March 8, 2018

Iron-sulfur “intersection”

Vanderbilt researchers have discovered an unanticipated link between sulfur and iron balance, pointing to a genetic basis for iron-deficiency anemia.

by Sanjay Mishra

Iron and sulfur are essential minerals critically required for biological functions. The body maintains iron levels through iron homeostasis. Deficiency in iron uptake can cause anemia and excess iron accumulation can lead to organ failure. Similarly, sulfur is incorporated into biological compounds through an ancient pathway called sulfur assimilation.

Now in a study published in the Proceedings of the National Academy of Sciences, John York, PhD, and colleagues report an unanticipated link between the sulfur assimilation pathway and iron homeostasis.

Bpnt1 is a key regulator of the sulfur assimilation pathway.
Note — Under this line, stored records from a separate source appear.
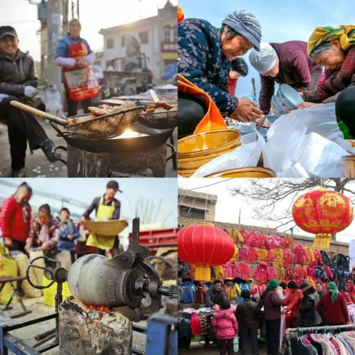 集市上的货品更是应有仅有,日用百货、衣服鞋子、新鲜瓜果、鸡鸭鱼鹅、点心零食......还有画糖画的、吹糖人的、捏面人的民间大神穿梭其中。遇上重要节庆,赶集还能看到舞龙舞狮、魔术杂技,整个乡村都沸腾了起来,生意人鼓起了口袋,农民也得到了方便和实惠,两全其美。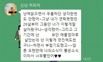 내 딴에는 큰 맘먹고 5년간 꽁꽁 숨겨온 비밀을 털어놓은 후 아주 속 시원해질 생각이었는데 대수롭지 않아 하는 친구들 반응 때문에 좀 뻘쭘해졌다. 그리고 고마웠다. 호들갑 떨지 않아 줘서. 친구들이 보낸 축하 카톡을 모두 저장해뒀다. 생일 축하가 아닌 축하는 실로 오랜만이었다. 나는 살아가는 동안 여전히 부끄럽고 숨기고 싶은 게 생기겠지만 그때마다 오늘을 떠올리며 용기를 얻을 것이다. 대학 시절 가장 친한 친구 중 하나였지만, 두 아이의 엄마가 되고 서로의 삶이 달라지면서 조금 멀어졌다고 생각한 친구가 있다. 책이 나왔다는 이야기도 직접 전하지 못했는데 다른 친구에게 듣고선 바로 전자책으로 주문해서 읽고 축하한다고 연락을 해왔다. 너무 우울한 내용이라 친구들에게 보이고 싶지 않았다는 말에 이런 답을 해준다.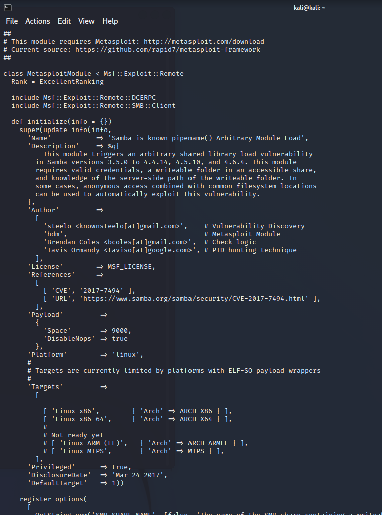 검색된 결과의 취약점을 상세히 보려면 -x 옵션과 검색결과의 번호를 입력하면 됩니다.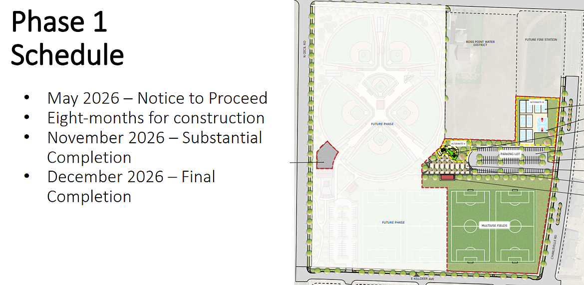 Construction is expected to begin in May. Phase 1 of the Quarry Sports Complex is projected to be completed in December.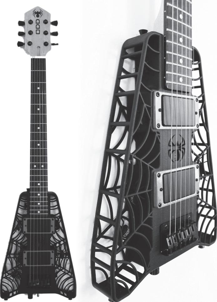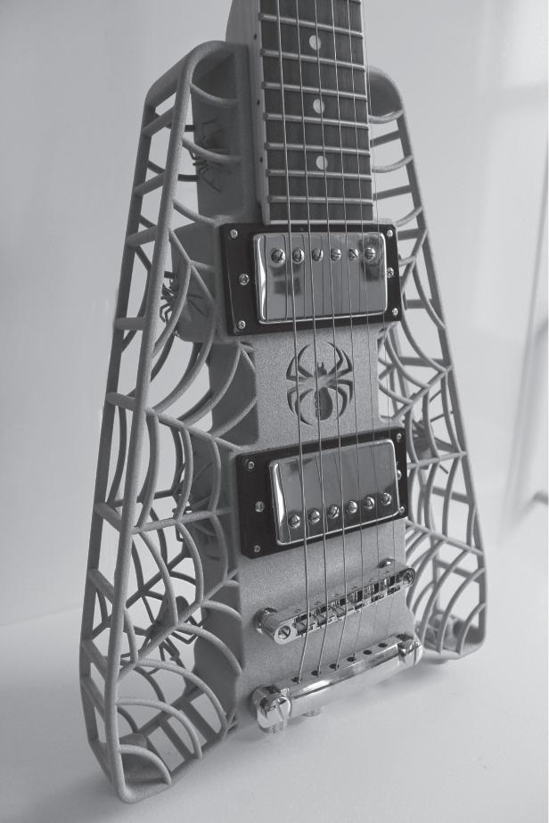 CASESTUDY1.1 Three-DimensionalPrintingofGuitars ThedesignflexibilityofadditivemanufacturingisillustratedbythecustomguitarsproducedbyODD, Inc.TheseguitarsaredesignedinCADprograms,withfullartisticfreedomtopursueinnovative designs;thoseinFigure1.4areonlyaselectionofthemanyavailable.TheCADfileisthensent toathree-dimensionalprinter,usingtheselectivelasersinteringprocessandproducedfromnylon (DuraformPA).Asprinted,theguitarsarewhite.Theyarefirstdyedtoanewbasecolor,then subsequentlyhand-paintedandsprayedwithaclearsatinlacquer.Thecustomer-specifiedhardware (pickups,bridges,necks,tuningheads,etc.)arethenmountedtoproducetheelectricguitar.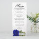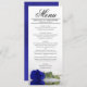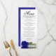 Ce beau menu ajoutera un peu de style à votre réception de mariage. Il présente un design magnifique et romantique, avec un rose bleu royal ou cobalt vivant sur son côté qui se reflète dans un bassin d'eau avec vagues et ondulations. Il y a de l'espace pour les noms du couple et la date du mariage, et le texte est entièrement personnalisable.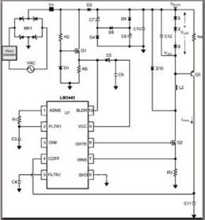 傳統(tǒng)的三端雙向可控硅調(diào)光器通常被設(shè)計成連接電阻負載(鹵素?zé)艋虬谉霟襞荩┑慕涌?。而現(xiàn)在的 LED 驅(qū)動器解決方案與標(biāo)準的壁裝式調(diào)光器相連,要么產(chǎn)生 120 Hz 的 LED 閃爍信號,要么無法實現(xiàn)100:1 的調(diào)光。圖 2 顯示了使用美國國家半導(dǎo)體 LM3445 LED 驅(qū)動器的 220V 交流設(shè)計電路。
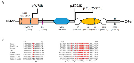 The p.(Trp78Arg) variant lies in the CARD/HSR domain, while the other two, close to one of each other, both fall in the PHD1 domain (Figure 3A). Homolog sequence multialignment showed that the W78 and the E298 are conserved in fishes, while the sequence across and after the C302 residue is conserved even in insects (Figure 3B), thus strongly suggesting the importance of this aminoacidic sequence for the protein function.

Deletion of Bpnt1 in mice led to toxic accumulation of its substrate, PAP, which in turn caused iron-deficiency anemia. When a genetic mutation that reduced PAP synthesis was introduced into the mice, PAP accumulation fell and anemia was avoided.

The study thus defines a genetic basis for iron-deficiency anemia. It is reasonable to add Bpnt1 as a possible gene to sequence in patients with the disease, the researchers concluded.

This research was supported by funds from the Vanderbilt Medical Scientist Training Program (GM007347), Howard Hughes Medical Institute and Vanderbilt University.